Girolamo Macaluso,Alessandro Sestini,Andrew D. Bagdanov
Abstract:Offline Reinforcement Learning (ORL) is a promising approach to reduce the high sample complexity of traditional Reinforcement Learning (RL) by eliminating the need for continuous environmental interactions. ORL exploits a dataset of pre-collected transitions and thus expands the range of application of RL to tasks in which the excessive environment queries increase training time and decrease efficiency, such as in modern AAA games. This paper introduces OfflineMania a novel environment for ORL research. It is inspired by the iconic TrackMania series and developed using the Unity 3D game engine. The environment simulates a single-agent racing game in which the objective is to complete the track through optimal navigation. We provide a variety of datasets to assess ORL performance. These datasets, created from policies of varying ability and in different sizes, aim to offer a challenging testbed for algorithm development and evaluation. We further establish a set of baselines for a range of Online RL, ORL, and hybrid Offline to Online RL approaches using our environment.

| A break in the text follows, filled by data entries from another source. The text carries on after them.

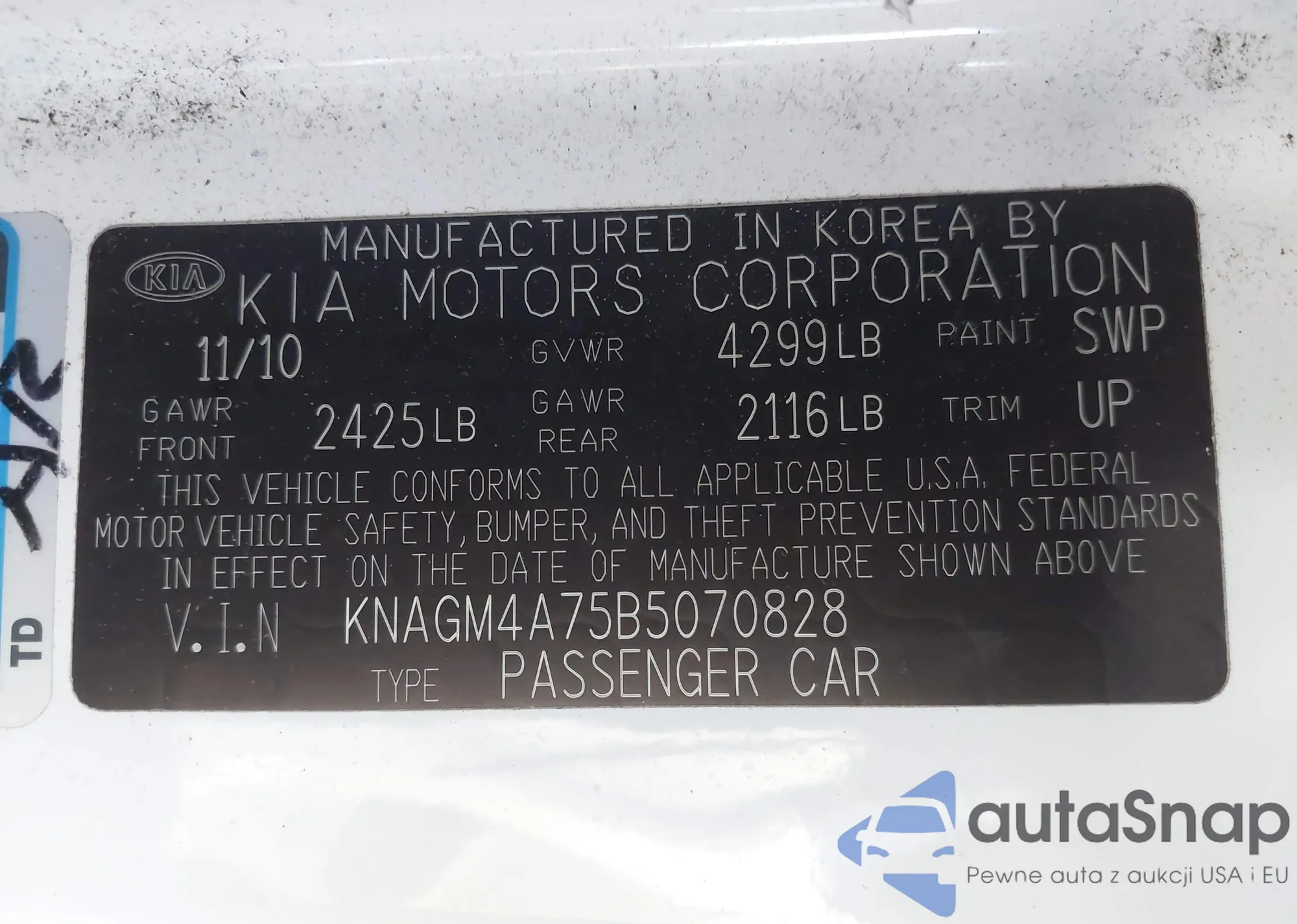 VIN: KNAGM4A75B5070828
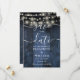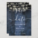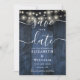 This elegant blue rustic barn wood string lights boho wedding save-the-date card can be personalised with your information in chic typography. Designed by Thisisnotme©
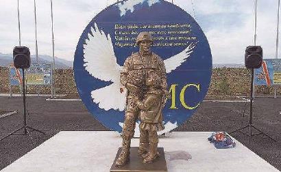 2021年11月23日,纳卡维和行动一周年之际,俄维和兵营里竖立一座纪念碑,一个全套战斗装具的士兵肩上背着步枪,左手拥抱着一个小女孩,后者正在向他献花,士兵原型就取自于参加纳卡维和的真实军人。 常立军
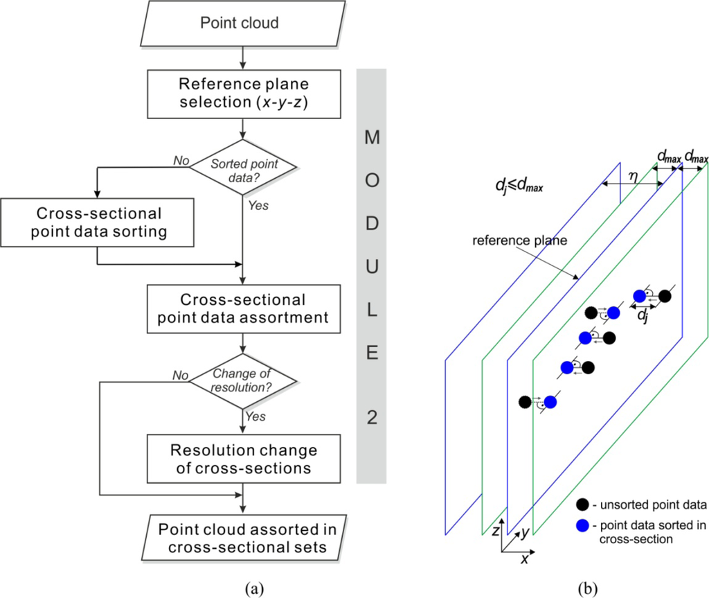 However, if the input point cloud is unsorted—i.e., point data is not sorted into sections or scanned lines—the system provides a sorting option. Point data is sorted within cross-sections parallel to the selected reference plane, by projecting all the points that pertain to defined tolerance zone. The number of cross-sections is directly related to the defined resolution (η), while the tolerance zone represents the band whose width is defined by the maximum allowed shortest distance (dmax) of the points from both sides of the reference planes (Figure 3(b)). It is obvious that a wider tolerance zone implies lower accuracy of the sorting.
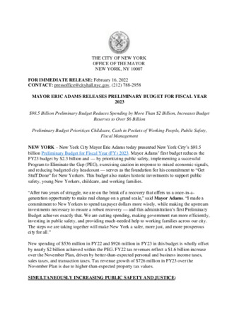 MAYOR ERIC ADAMS RELEASES PRELIMINARY BUDGET FOR FISCAL YEAR 2023
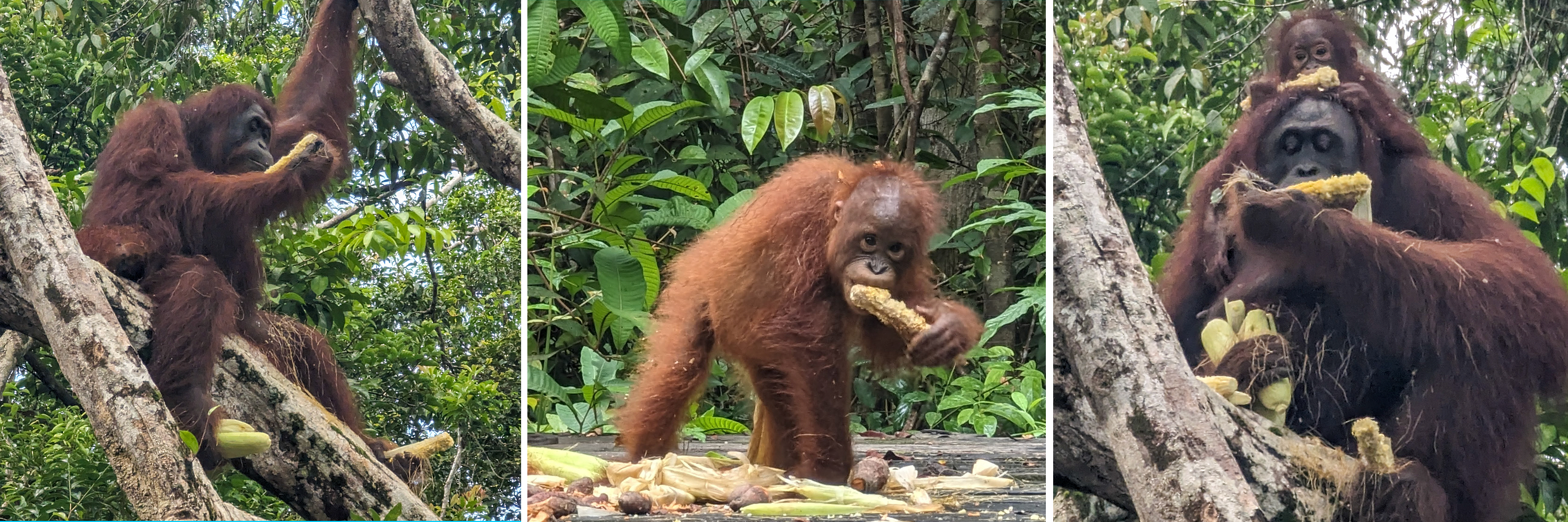 Corn was a preferred food and often the orangutans would take as many ears with them as they could to a nearby tree, safely away from where another animals could take their food. They tended to climb with a few ears of corns in their hands, but once they started eating, they held onto the extra ones with their toes.
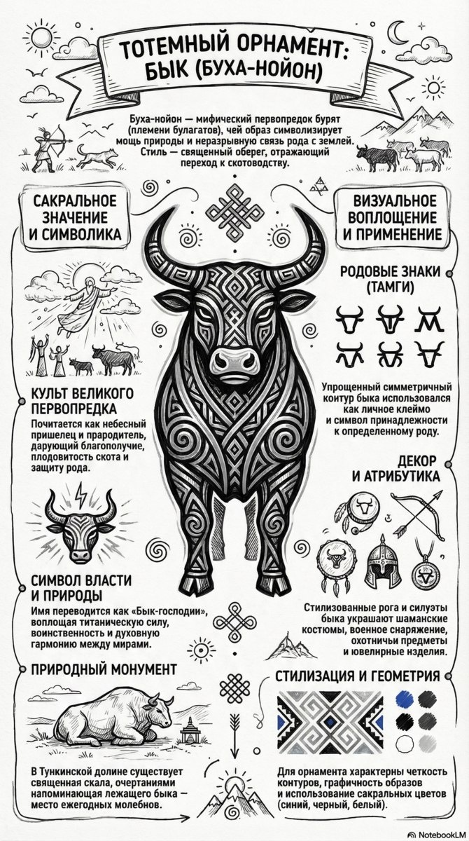 ) Буха-нойон — мифический первопредок бурят (в частности, племени булагатов), чей образ символизирует мощь природы и неразрывную связь рода с землей. Этот тотемный орнамент является священным оберегом, отражающим исторический переход народа к скотоводству. Символика и сакральный смысл: Имя переводится как «Бык-господин», воплощая титаническую силу, воинственность и духовную гармонию. Буха-нойон почитается как небесный прародитель, дарующий благополучие, плодовитость скота и защиту рода. В Тункинской долине до сих пор существует священная скала, очертаниями напоминающая лежащего быка. Визуальное воплощение: Упрощенный симметричный контур быка использовался как родовое клеймо (тамга). Стилизованные рога и силуэты украшают шаманские костюмы, военное снаряжение и ювелирные изделия. Для орнамента характерна четкость контуров и использование сакральных цветов: синего, черного и белого. Канал нашей студии https://t.me/chimitdorzhi_studio
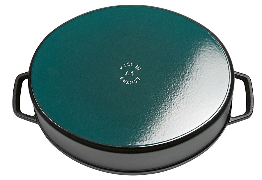 Gusseisen, speichert Wärme und gibt sie langsam und gleichmäßig wieder ab, sehr gut geeignet für schonendes und gesundes Garen, innen matt-schwarz emailliert, spülmaschinengeeignet, für alle Herdarten inkl. Induktion geeignet·schwarz 12 l, Ø 41 cm
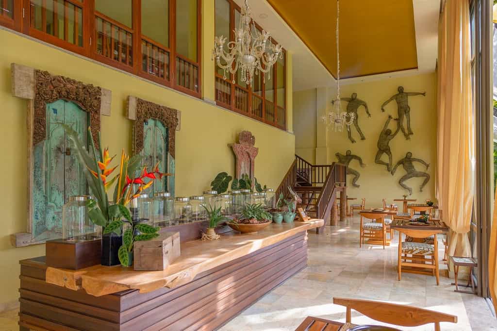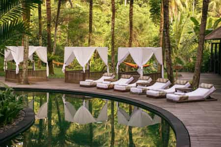 Surrounded by lush greenery, the long infinity pool overlooks the tranquil Campuhan River and is surrounded by plenty of sun loungers to recline upon. Set on the banks of the river, the spa offers a range of heavenly treatments drawing on ancient Indonesian herbal recipes. At mealtimes, the Seneng Kitchen serves a range of international and Indonesian dishes, its walls adorned with unique decor and chandeliers dangling above. There's also a poolside bar where you can grab something chilled to drink or tuck into the complimentary afternoon tea.
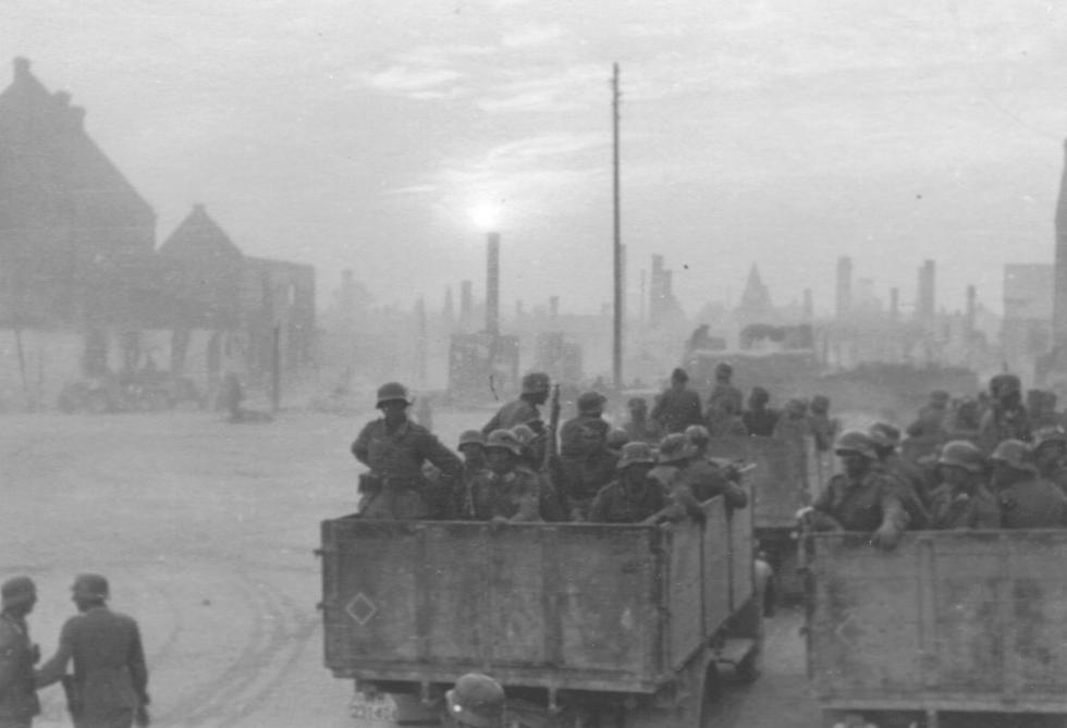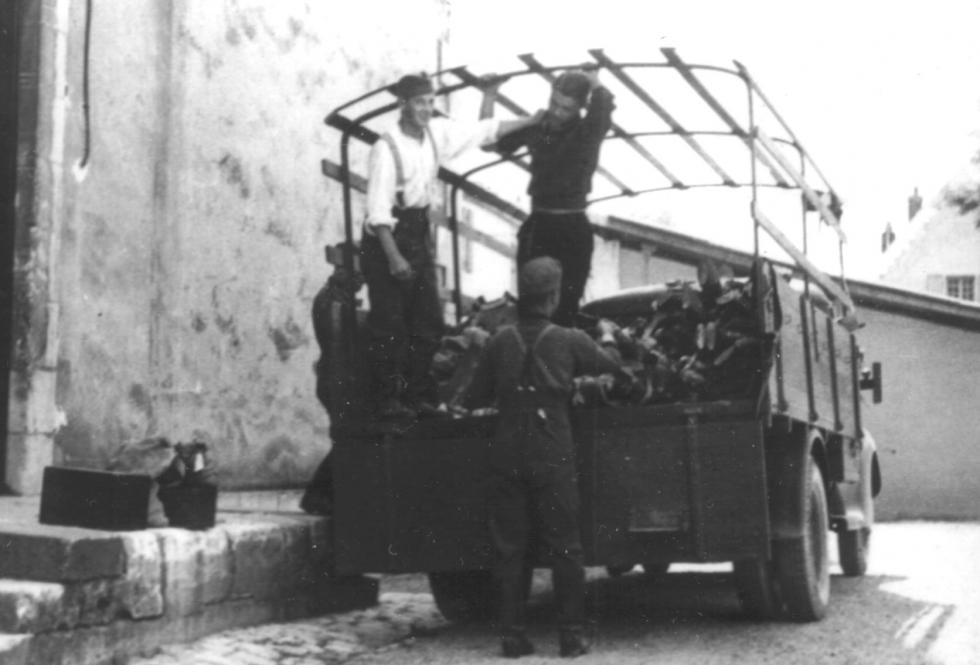 1940년 프랑스...트럭을 밀고있는 프랑스군 포로들.
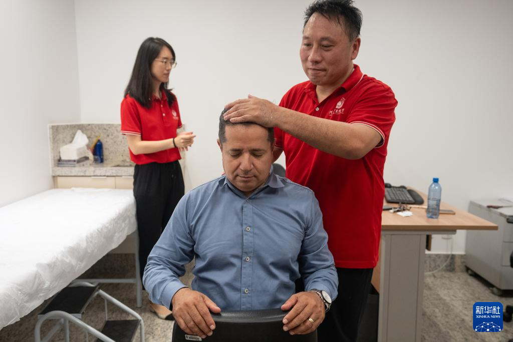 4月9日,在巴西戈亚斯州首府戈亚尼亚,中医孔子学院的老师为一名体验者进行推拿。
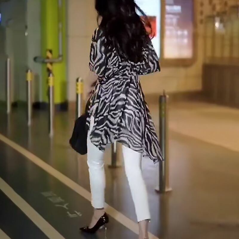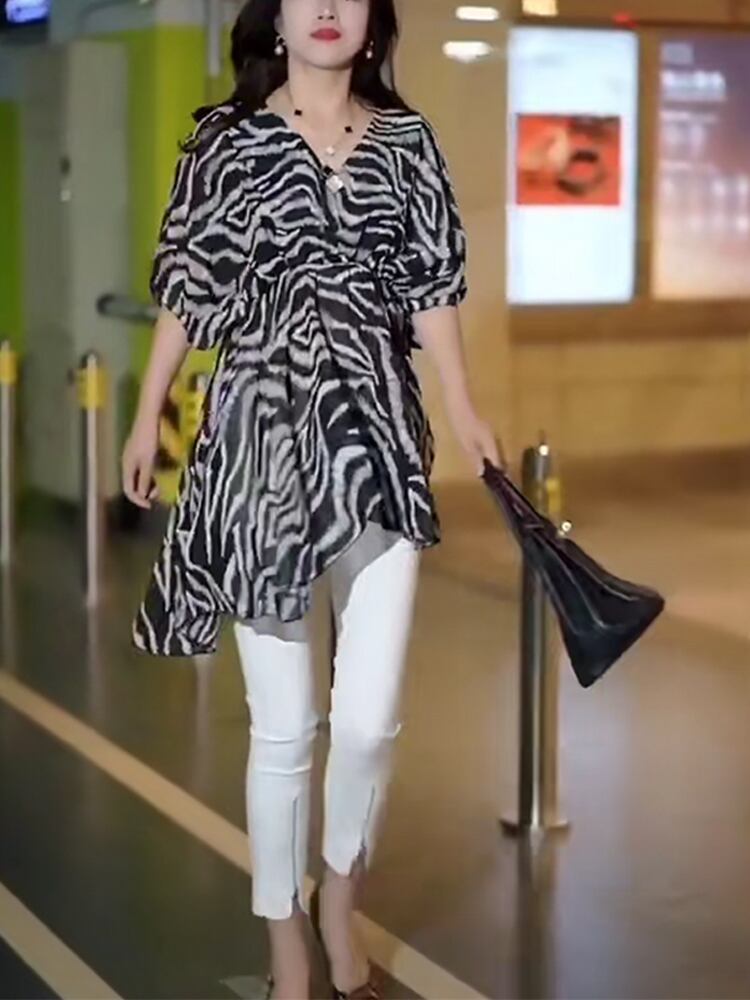 サマースタイルVネックスリーブウェスト薄手ストライプトップス 大きめサイズ 夏物 ミックスインファッション7601480670
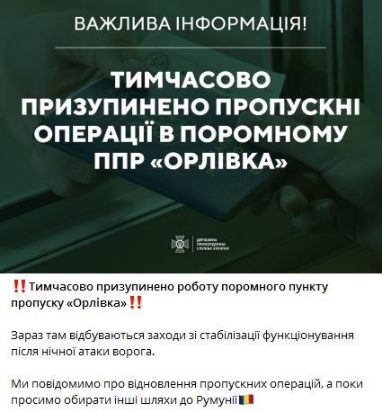 У вівторок, 26 вересня, після удару РФ тимчасово призупинено роботу поромного пункту пропуску "Орлівка" на кордоні з Румунією.
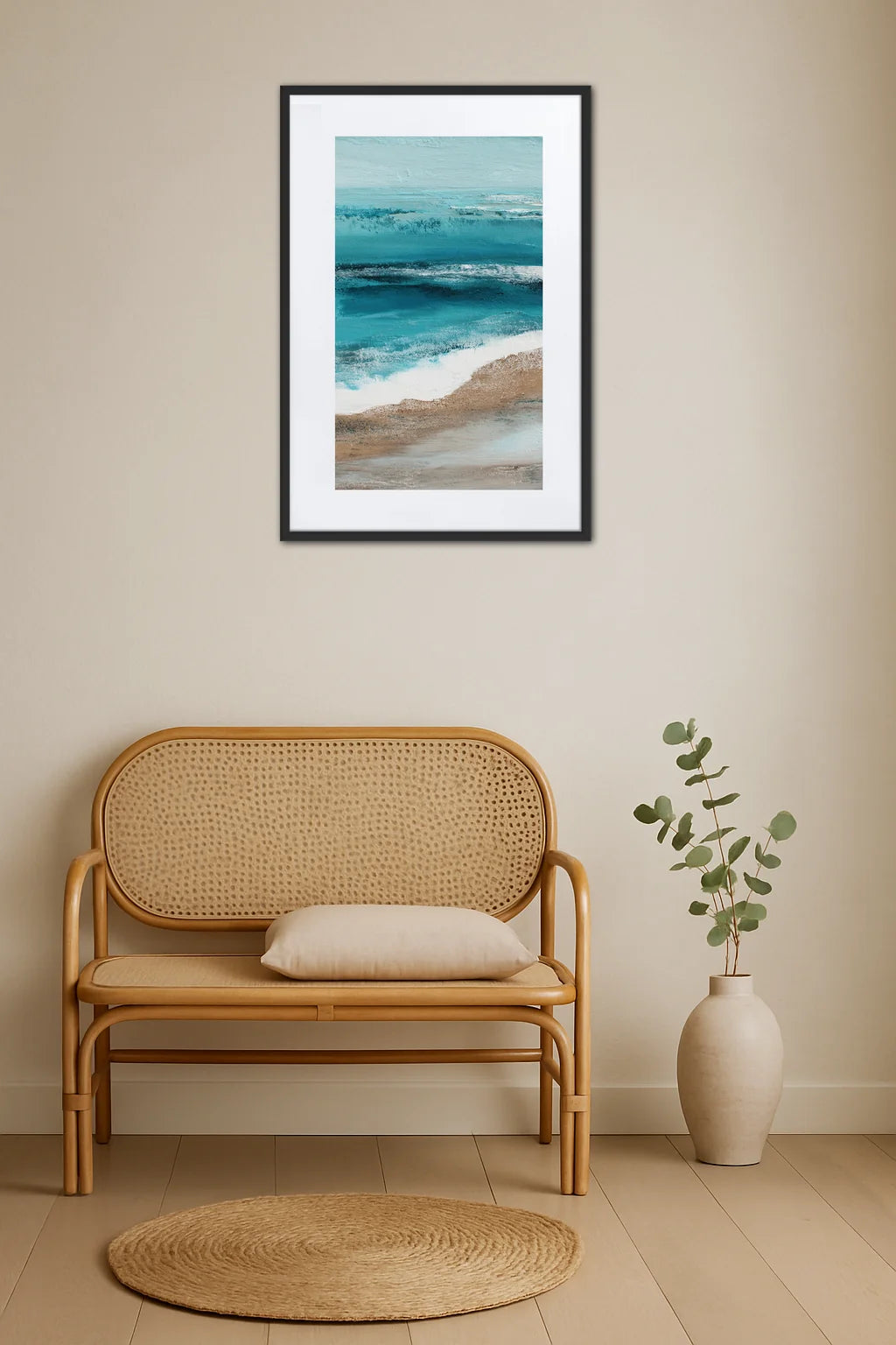 Cette œuvre, inspirée par la poésie mouvante des rivages et le bruissement secret des flots, évoque un voyage intérieur où la mer devient métaphore d’émotions profondes et changeantes. Les nuances choisies, délicates et puissantes à la fois, traduisent le dialogue entre le ciel et l’eau, entre la lumière et l’ombre, créant un espace où le regard se perd et se trouve à la fois. On y ressent la force tranquille de l’océan mais aussi son mystère, son appel à la contemplation et à la rêverie. Cette création s’inscrit dans une tradition contemporaine où l’abstraction n’est pas une fuite mais une invitation à ressentir plutôt qu’à comprendre. La texture, presque tactile, suggère la sensation du vent et du sable, tandis que les contrastes évoquent la dynamique incessante des marées. Plus qu’une simple représentation, ce tableau devient une expérience sensorielle et émotionnelle, un instant suspendu entre la réalité et l’imaginaire, où chaque nuance raconte une histoire différente selon l’angle du regard. Il incarne cette quête universelle d’harmonie et de liberté, portée par l’image intemporelle de la mer.
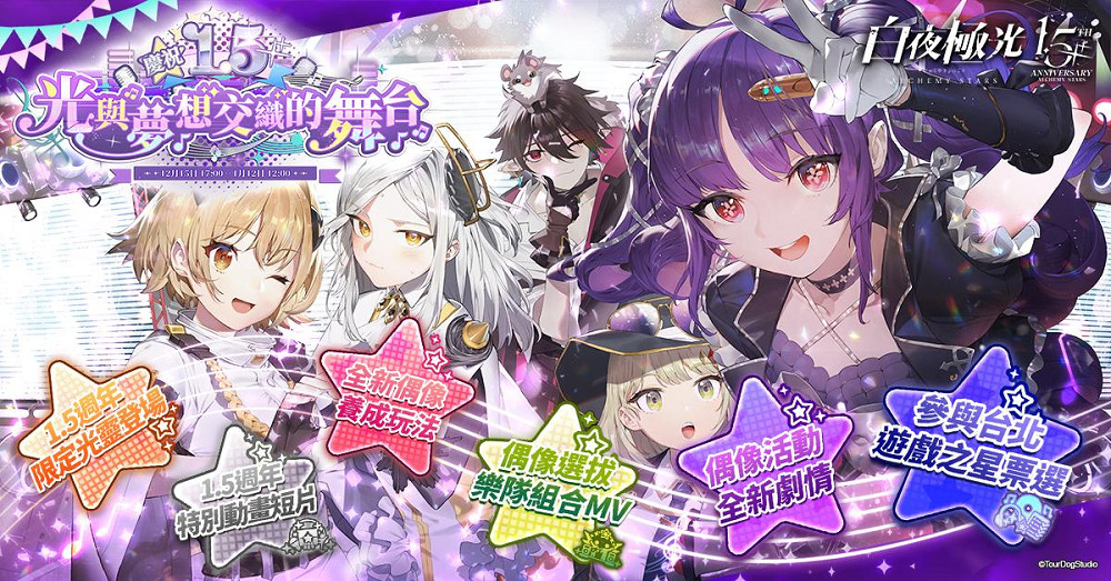 由 TourDogStudio 研發,Gamamobi 遊戲平台代理的超美學連線戰略RPG手遊《白夜極光》,在大家的支持下即將迎來1.5周年,今(12/1)搶先釋出即將開啟全新玩法、1.5週年慶祝紀念活動及偶像舞台票選活動揭曉預告,並精心準備了滿滿的福利要獻給導航員!
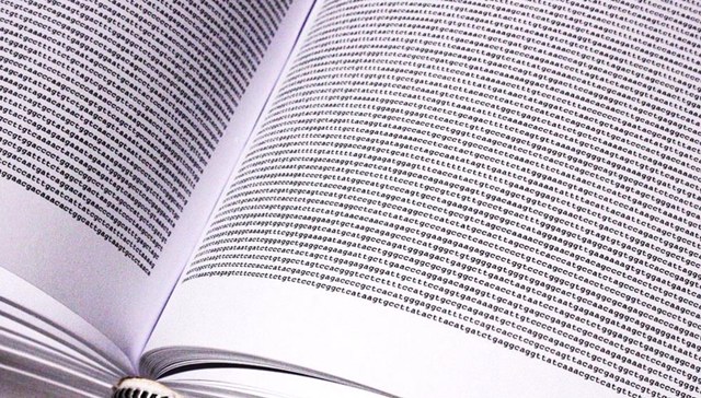 “Bij het Human Genome Project. Dit is een onderzoek van een hele grote groep wetenschappers uit vele landen. Ze hebben van 1990 tot 2003, dus 13 jaar, onderzocht hoe het menselijk DNA in elkaar steekt. Het is gelukt om het DNA van 1 persoon in kaart te brengen, om zeg maar de code van de mens te ontrafelen. En wat blijkt? Ons erfelijk materiaal is opgebouwd uit maar 4 letters: a, t, c en g. Deze staan voor adenine, thymine, cytosine en guanine en dat noemen we nucleotiden, de bouwstenen van ons DNA.
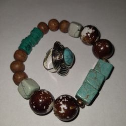 TURQUOISE+BRASS NECKLACE+RING$35Las Vegas, NV

What problem does this paper attempt to address?
The problem that this paper attempts to solve is the high sample complexity and low training efficiency faced by Reinforcement Learning (RL) when applied in modern AAA games. Specifically, traditional Online Reinforcement Learning (Online RL) requires a large number of environmental interactions to collect data, which is impractical in game development with intensive computing resources and slow environmental simulation speed. To overcome this challenge, the paper introduces a new Offline Reinforcement Learning (Offline RL) environment - OfflineMania, as well as a series of datasets, aiming to provide a standard test platform for researching and evaluating ORL algorithms.
### Main contributions:
1. **New environment**: Developed OfflineMania, which is a single - agent racing game environment based on the Unity 3D game engine, inspired by the classic TrackMania series of games. In this environment, the agent's task is to complete the track through optimal navigation.
2. **Diverse datasets**: Provided a variety of datasets with different scales and qualities, which are generated by strategies with different ability levels, aiming to provide a challenging test platform for algorithm development and evaluation.
3. **Benchmark test**: Conducted benchmark tests on multiple online RL, ORL, and hybrid offline - to - online RL methods, and provided detailed performance evaluation results.
### Detailed description of the environment and datasets:
- **Environment**:
- **State space**: The state space is a 33 - dimensional vector, containing 15 ray detection values (each ray has two values, indicating respectively whether there is an object in the path and the distance to the detected object), as well as the speed components of the vehicle.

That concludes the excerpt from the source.